On 02/27/2015 04:25 PM, Christopher B Coffey wrote:
Now and then I find that jobs get stuck and it doesn’t make sense. In
this recent scenario I have one job from a user that has the highest
priority yet its not starting. The job has a requirement of 2 cpus, and
100GB of memory. This is available now, yet the job doesn’t start. I can
create a job with the exact resource requirements and submit, and it
starts immediately.
Here are my scheduling parameters:
SchedulerParameters=bf_window=20160,bf_resolution=600,default_queue_depth=1
2968,bf_max_job_test=13000,bf_max_job_start=100,bf_interval=30,pack_serial_
at_end
Slurm 14.11.4.
While having the backfill debug turned on I see something interesting.
Backfill says it tested 9234 jobs, but there are 10268 job in the queue.
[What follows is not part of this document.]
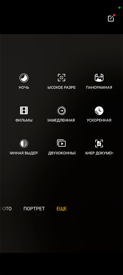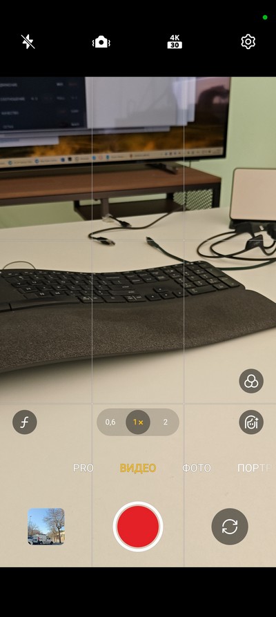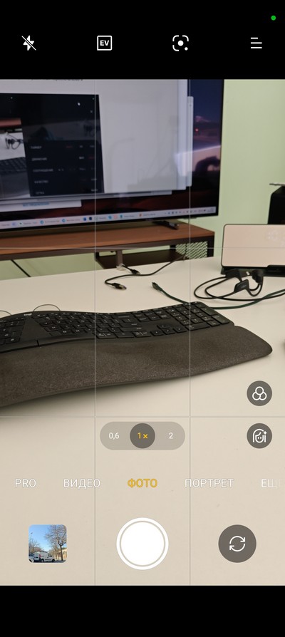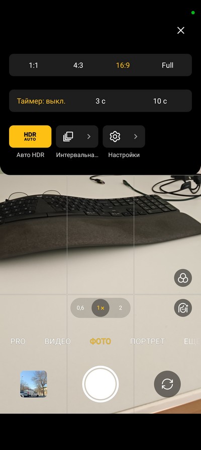 Интерфейс камеры. Снизу переключаются режимы: PRO, видео, фото, портрет, еще. Выше идет переключение между сверхшириком, основной камерой и цифровым зумом (по умолчанию 2-кратный, но можно вызвать линейку зумов и масштабировать до 10-кратного). Сверху - пиктограммы различных переключателей и пиктограмма меню.

Why didn’t backfill test all of the jobs? Maybe this is part of the
problem?
The only thing special about this users job was that it was part of a
chain of dependent jobs (which are all completed).
Is there any way to force a job to start? I’ve tried many things to get
the job to start but it won’t: release, requeue … etc.
Any help would be great, thanks!
Best,
Chris
Hi Chris,
A wild guess is that the dependencies for the job are not fulfilled. In that
case, the "Reason" for not starting is "DependencyNeverSatisfied", and the
cure for not keeping such jobs in queue is to include a "kill_invalid_depend,"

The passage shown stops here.